What wrong has Greenspan done?
Professor, CCER at Peking University
Among various explanations of current crisis, the interest cutting taken by Greenspan at the beginning of this century has been considered one of the most crucial reasons. Professor Lu reappraises this assertion through a retrospect of the Fed's monetary policies since the 1950s.
The federal fund rate has been cut from 6.5% in July 2000 to 1% in July 2003 and remains at that level until June 2004. Although the 550 bps cut is only about the average of the twelve interest rate cuts by the Fed since 1953, the federal fund rate after cutting reaches the lowest level ever since 1963. Furthermore, the proportion of interest cut, more than 80% of the previous peak, is among the largest.

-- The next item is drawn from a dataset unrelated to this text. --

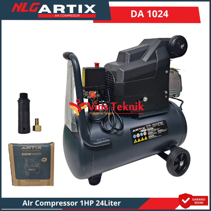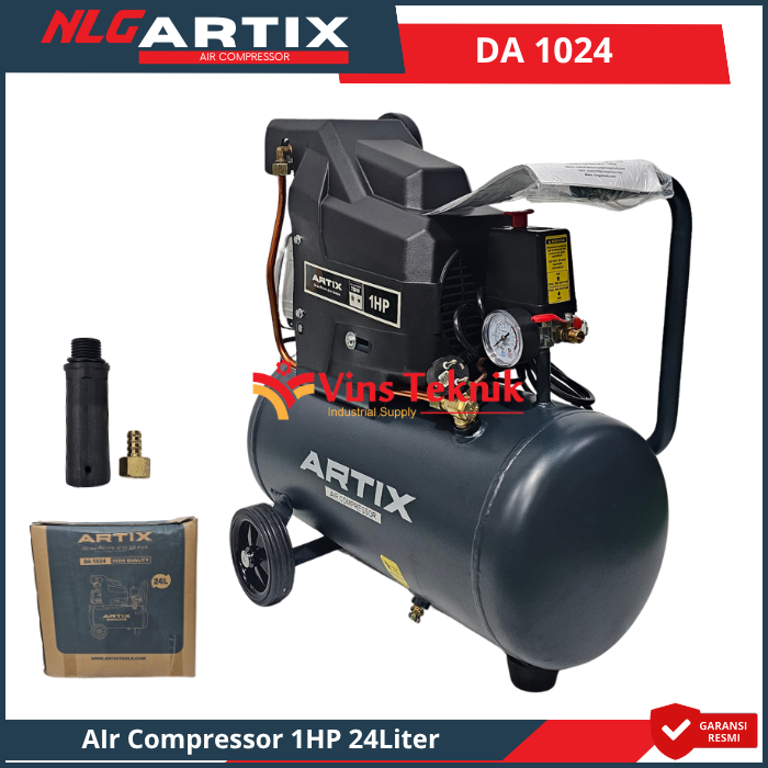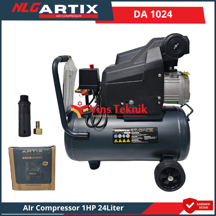 - Desain Portabel: Dilengkapi dengan roda dan pegangan untuk memudahkan pemindahan unit... Read More Artix DA 1024 adalah mesin kompresor angin listrik tipe direct driven (menggunakan oli) dengan kapasitas tangki 24 liter dan tenaga 1 HP. Alat ini dirancang untuk kebutuhan bengkel, pengecatan menggunakan spray gun, pompa ban, hingga penggunaan paku tembak (air nailer).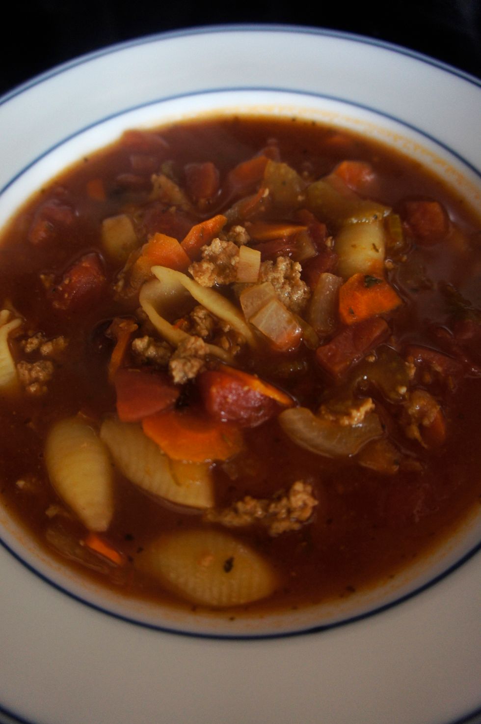 In a large stockpot add the olive oil and heat over medium-high heat. Add in the ground turkey and cook until it starts to brown. Add in the onions, carrots, celery, diced tomatoes and simmer for 10...

Federal fund rate is the primary instrument of the US monetary policy. Basically, it can be explained by two variables, inflation rate and growth rate, as characterized by the Taylor's Rule. Under the Taylor's Rule, short term rates are adjusted according to previous inflation rates. Generally, negative real interest rates should be avoided. However, the real interest rates had been negative for three and half years between the beginning of 2002 and August 2005. Negative interest rates became more severe if headline CPI rather than core CPI is examined.
Usually, as the Fed policies are contractive, long term interest rates rise along with short term rates. However, it was different when the Fed raised federal fund rates since June 2004, recognized as a conundrum by Greenspan in his autobiography. The conundrum is somewhat the result of globalization and outsourcing activities. On the other hand, abundant capital provided by foreign countries strengthened the market's belief that long term rates have been pushed downward permanently.
Financial crisis is the outcome of many factors including human behavior, regulation, environments and so on. The long-lasting low interest rates allured investors investing heavily on illiquid assets. Current monetary policy rule is also problematic. Emphasis on core inflation and ignorance of asset prices lead to an overexpansion of credit. Wrong expectation of the market aggravates the crisis.